DESCRIZIONE ITINERARIO: VERSO LA STATUA DEL MINATORE
Partiamo dal parcheggio di Palù Fersina a Frotten e imbocchiamo subito il sentiero 343 verso il Rifugio Sette Selle. Il parcheggio è a pagamento e costa 6 euro al giorno. Il sentiero inizialmente sale in mezzo al bosco. Successivamente, seguiamo il sentiero 325 che, su strada inizialmente asfaltata e poi sterrata, prosegue in leggera salita. A un certo punto, prendiamo una piccola deviazione sulla destra, dove la strada diventa di ghiaino pianeggiante, per poi fare una breve deviazione e visitare qualcosa di interessante. Proseguiamo ancora un po’ sul sentiero verso il lago di Erdèmolo, attraversiamo un ruscello e in cinque minuti arriviamo presso il maso Lenzi, a 1675 m di altitudine, dove si trova la nuova installazione del minatore.

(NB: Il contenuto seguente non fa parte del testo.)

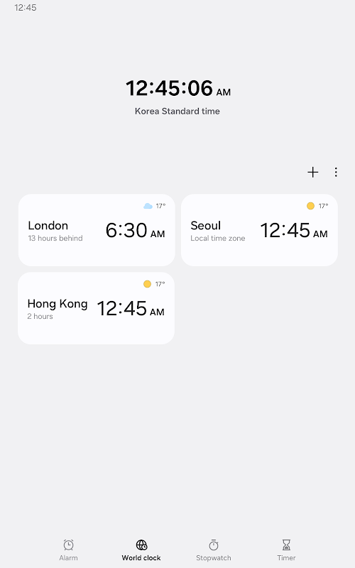 時鐘應用程式提供鬧鐘、世界時間、碼錶和計時器功能。使用時鐘應用程式可以有效地管理您的時間,以及按城市查看氣象。

L’opera “Memoria del Minatore” di Paolo Vivian è dedicata alla memoria collettiva e all’identità del popolo mòcheno. Si ispira alla dura vita dei minatori medievali (canopi), chiamati a estrarre ferro, argento e rame. L’opera diventa simbolo di rispetto e resilienza, trasformando la memoria storica in poesia visiva. Vivian esprime la forza interiore umana e paragona il lavoro del minatore a quello dell’artista, che scende nelle profondità dell’animo per portare alla luce valori come fede, speranza, umanità, coraggio e solidarietà.

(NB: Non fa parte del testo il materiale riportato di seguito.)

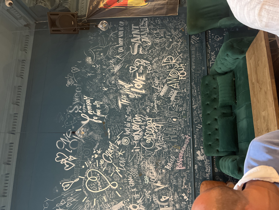 The image captures the interior of the Saint-James Pub & Grill, located at Rue du Prince Royal 54 in Ixelles (Elsene), Belgium. The scene is dominated by a dark teal-green wall extensively covered with white graffiti, featuring various handwritten names, hearts, and phrases such as "LOVE," "AMOUR FOU," "CRAZY," "The Wall of Love," and "SAINT JAMES." Two spherical, clear glass pendant light fixtures hang from the ceiling, which features classic decorative molding. A black wall-mounted speaker is positioned on the upper right side of the wall, alongside a small, black surveillance camera. Partially visible on the far right is a vertical flag or banner displaying black, red, and gold colors. Below the wall, a green velvet tufted sofa with two matching rectangular pillows is centrally placed, fronted by a rectangular light wooden table. A portion of a matching green velvet armchair is visible to the right of the sofa. In the foreground, the back of a person's head and shoulders are visible; they have a closely shaved or balding head and are wearing a light blue polo shirt with a white collar. A second person's white clothing is partially visible on the far right edge of the frame.

VERSO LE MINIERE DI ERDEMOLO
Dopo aver letto i pannelli illustrativi che raccontano la vita del minatore ai tempi, riprendiamo la stradina da cui siamo arrivati e torniamo al bivio per salire verso il Rifugio Sette Selle, passando prima per la miniera di Erdèmolo. Ritorniamo quindi sulla strada asfaltata precedente e proseguiamo dritti in salita per poi tornare sui nostri passi, facendo una breve deviazione per andare a vedere l’ingresso delle miniere. Anche qui si tratta di una deviazione molto breve, che vale la pena fare, oppure eventualmente si può prenotare una visita per esplorare le miniere. Il giorno in cui siamo stati qui erano chiuse.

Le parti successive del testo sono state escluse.